There is a special “first-play” PGC (FPC) in the VMG which is automatically entered when the disc is put into the player; this has no MPEG data, but it is the commands here that are responsible for jumping to the initial menu (if any), playing all the preamble sequences etc.
Menus vs Titles
Menus and titles are very similar; both are PGCs, and both can have interactive buttons. However, only titles can have chapters, and only titles can be split across multiple VOB files (which imposes a maximum length on the duration of a menu).

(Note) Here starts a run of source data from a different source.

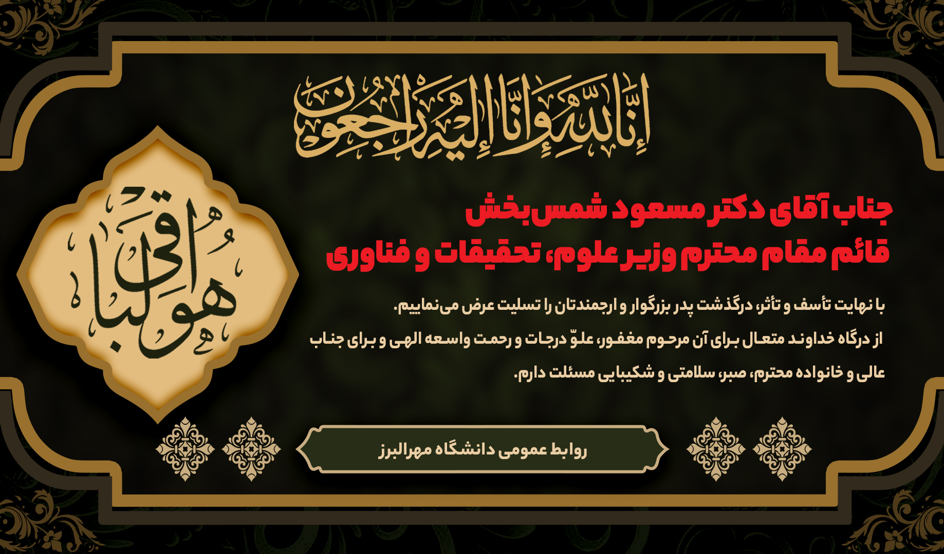 - آقای دکتر مهرشاد خسرویانی | یکشنبه ۱۴۰۴/۰۱/۳۱ ساعت ۱۵:۳۰ الی ۱۴:۳۰
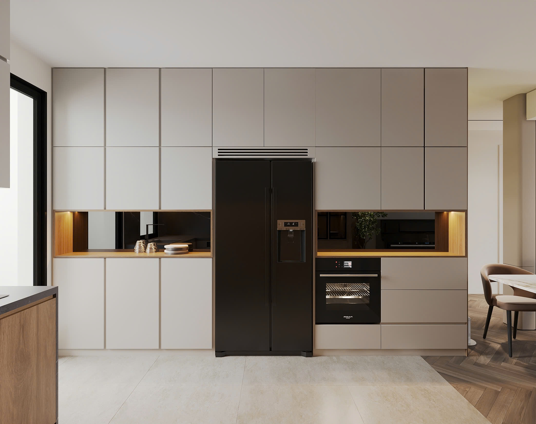 Trong phương án thiết kế 3D nội thất chung cư Hyundai Hà Đông, khu vực bếp được bố trí khoa học với hệ tủ kịch trần giúp tối ưu không gian lưu trữ.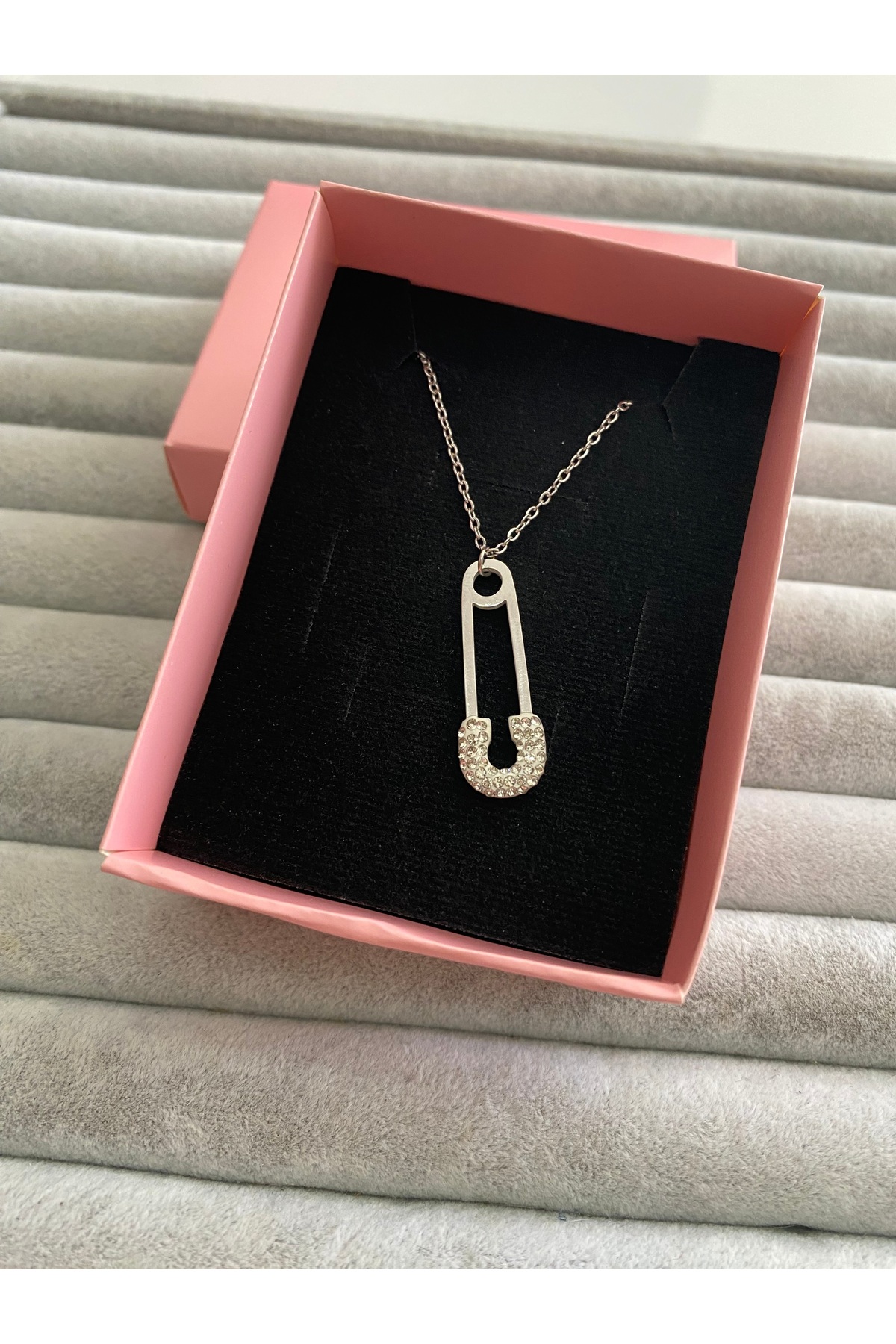 PİNK Çengelli İğne Şekilli Çelik Kolye Özellikleri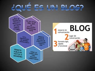 Este documento resume la historia y evolución de los blogs desde 1994 hasta la actualidad. Justin Hall creó el primer blog, Links.net, en 1994. En 1999, Blogger se convirtió en una de las primeras plataformas para crear blogs. Hoy en día, existen cientos de plataformas para blogs personales, corporativos y de otros tipos como vlogs, fotoblogs y más. Los blogs se han convertido en una herramienta popular de comunicación y expresión en internet.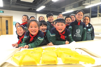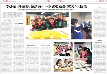 “我种的姜长大了!”“我种的山楂树结果了!”根据新课标要求,劳动课设置每周不少于一节,但从学生的反响来看,这个课量明显“供小于求”。“根据季节不同,劳动课老师会带学生体验不同的种植项目,一方面让学生了解时令知识,一方面让学生认识丰富的农作物种类。”在崂山实验小学(中韩校区)宫天可老师的劳动课上,孩子们用自己亲手种植的蔬菜,在老师的指导下炒出一盘盘香喷喷的菜肴;用亲手培育的山楂果,穿出一支支晶莹剔透的糖葫芦。“学生的任务是学习知识,可是知识的范围很广。”在宫天可看来,“生活”是本博大精深的百科全书,在她的劳动课上,学生能摆脱书本的束缚,用自己的双手和眼睛去挖掘这本“书”里的宝藏。
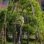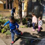 Rendezettebb lett az előkertünk. Beleértve az ESMT helyszínét is, ahol Orsi néni volt az úr ma is. A tornásai megkezdett kis kuckóját még lakályosabbá tette a sok lehulló faágból. Lesz hol csúszni-mászni.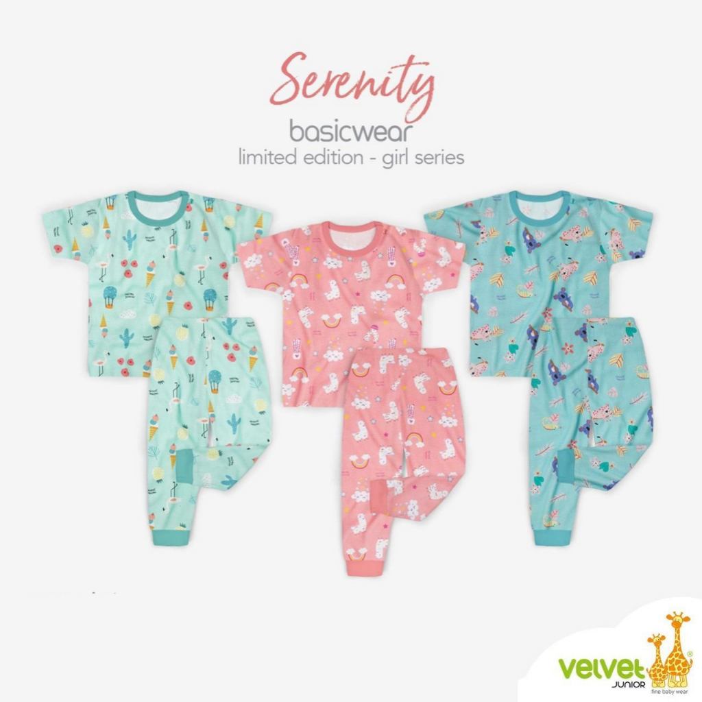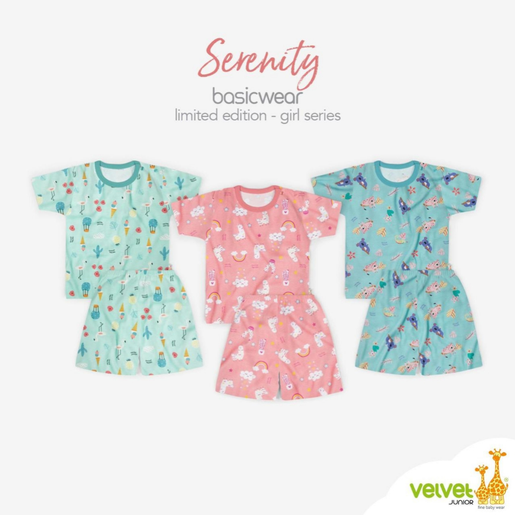 Velvet Junior 3 stel GRIL size S M L LB XL . Setelan panjang , setelan pendek , setelan cpr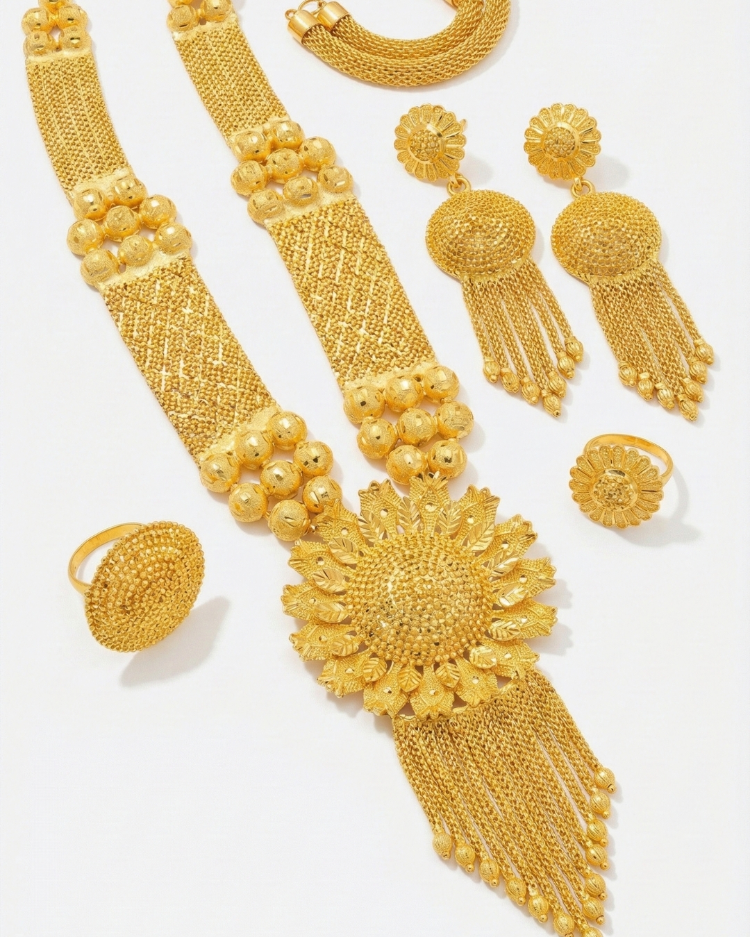 • Premium 2-Gram Gold-Filled Set: A stunning lightweight jewellery collection featuring a long designer necklace, matching statement earrings, and elegant rings — all crafted with a rich gold-filled finish.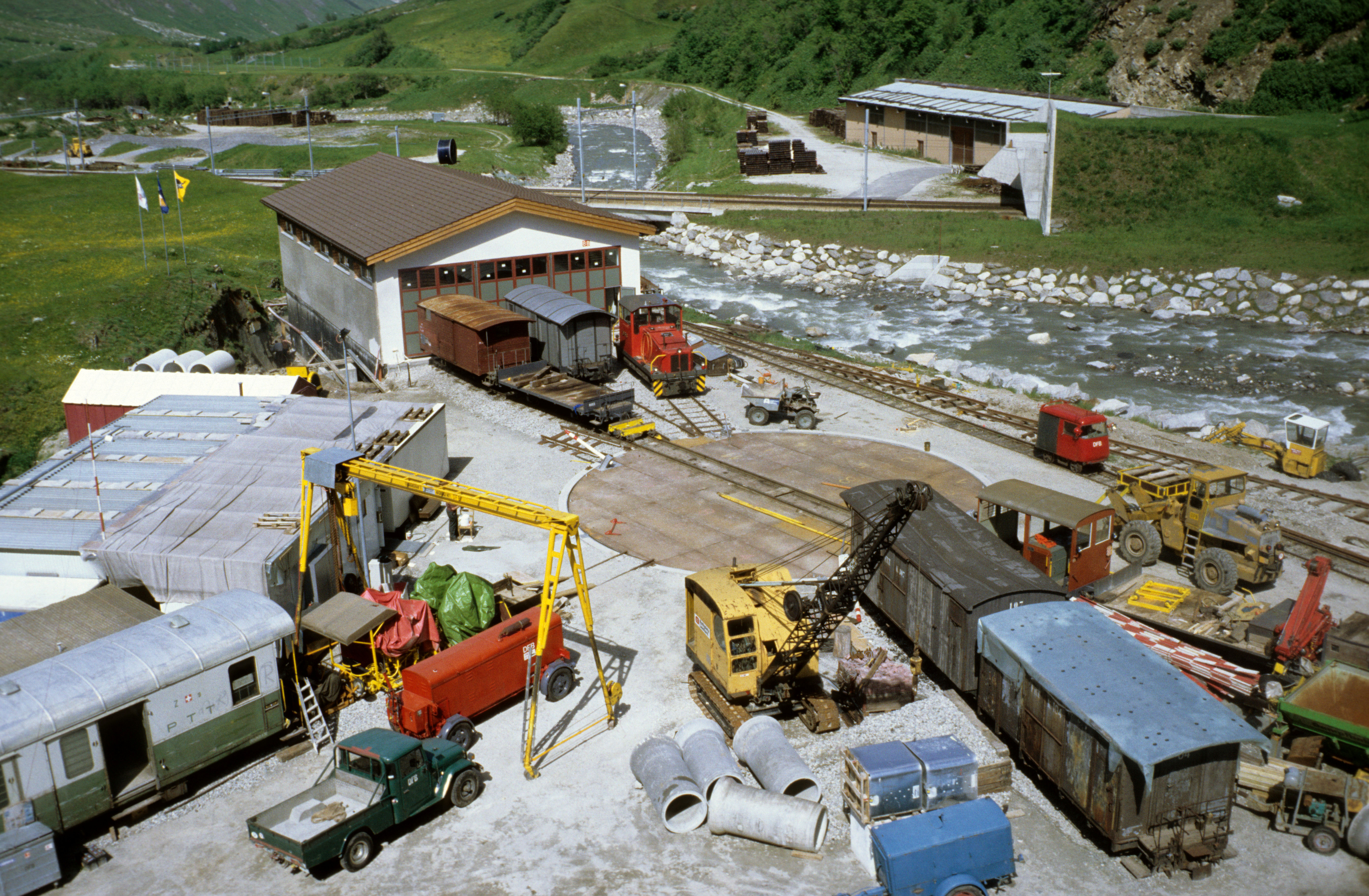 Realp, 1991, foto Jan Rümke. In vergelijking met de derde foto, zijn de voorzieningen in Realp uitgebreid. De locloods annex werkplaats is gebouwd en er staan containers voor gereedschap, etc.
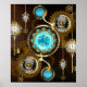 Steampunk Rusty Background with Turquoise Lenses Poster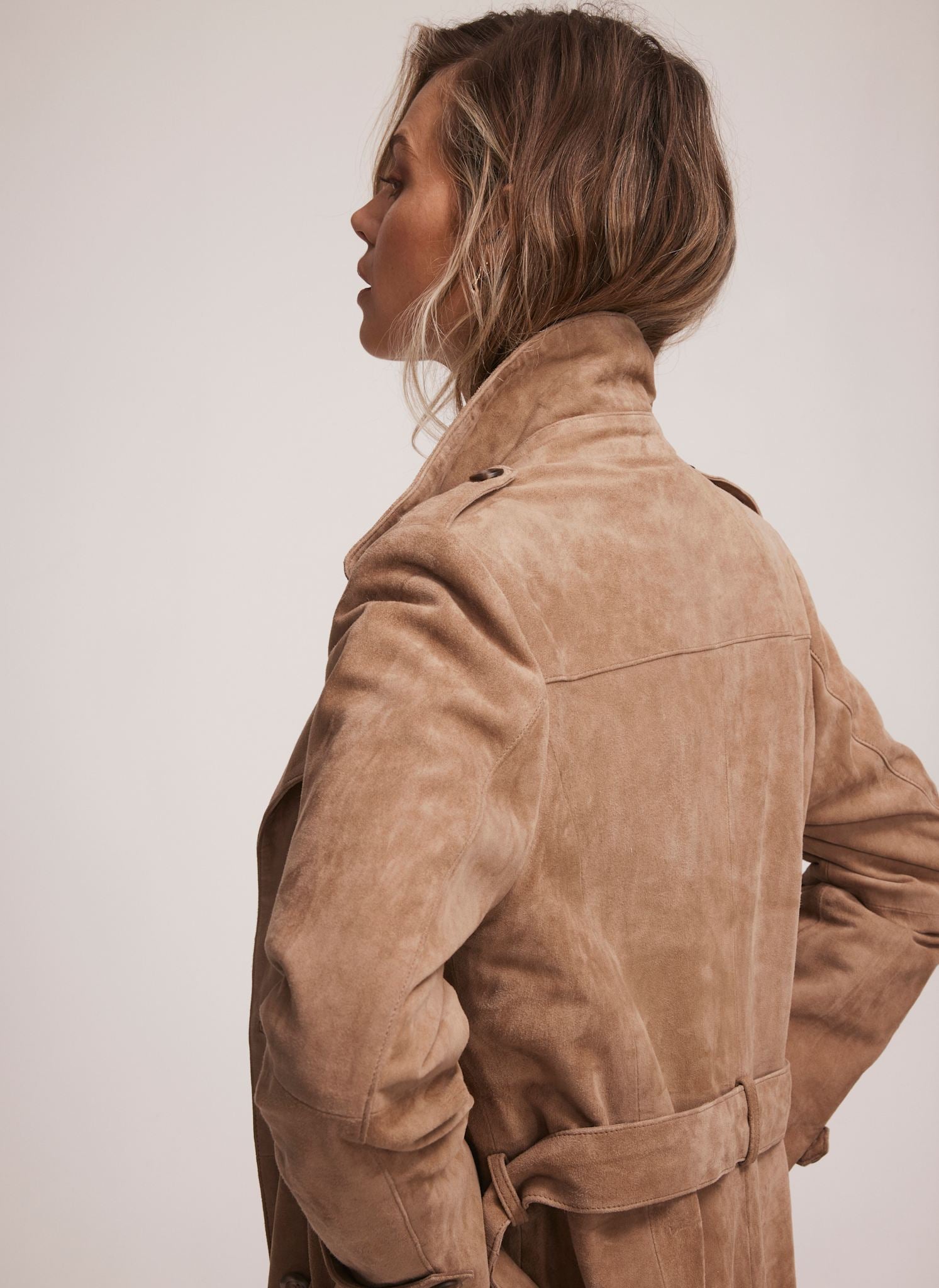 Neutral Suede Trench Coat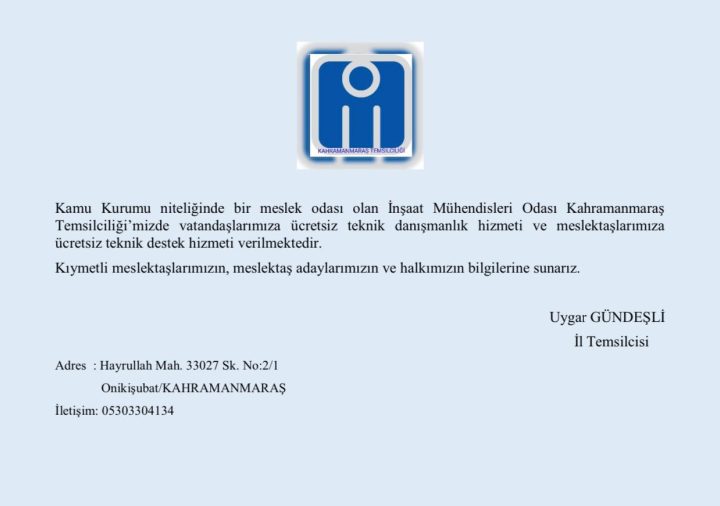 İnşaat Mühendisleri Odası Kahramanmaraş Temsilciliği’nde ücretsiz teknik danışmanlık hizmeti verileceği duyuruldu. Tural ŞAHBAZLI / KAHRAMANMARAŞ (İGFA) – ...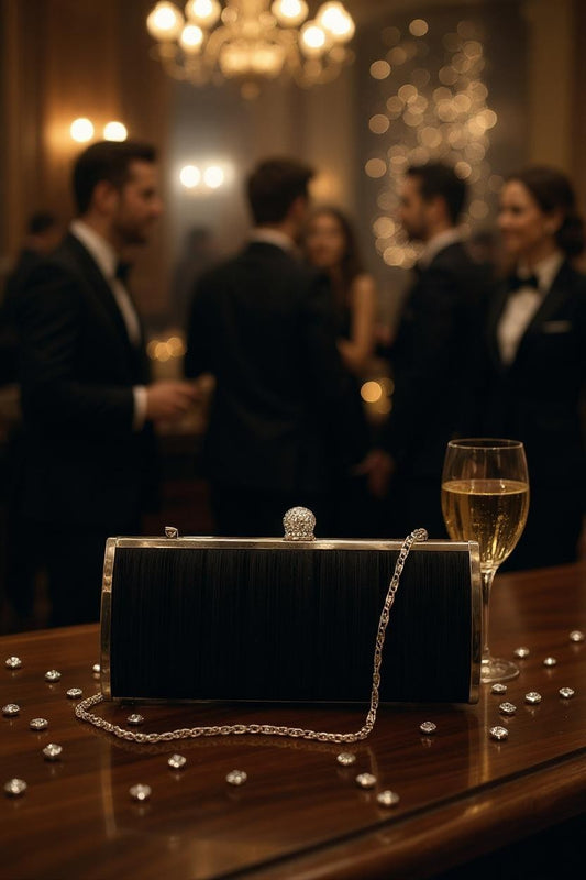 Black satin evening handbag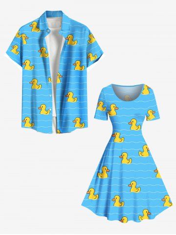 Plus Size Ducks Wave Line Print Vintage Hawaii Dress - Sky Blue - 3x

Also, only titles can have multiple audio and subpicture tracks for different languages, because a menu is already part of a language-specific menu group.
Certain menus can be marked as entries that can be directly invoked via dedicated buttons on the player remote.
In the VMG, one menu can be marked as the title entry, which means it can be brought up by the “Top Menu” button on the remote.
In a titleset, one menu each can be marked as root, PTT (chapter), audio, subtitle and angle; the root entry is brought up by the “Menu” button, the others by correspondingly-titled buttons on the remote.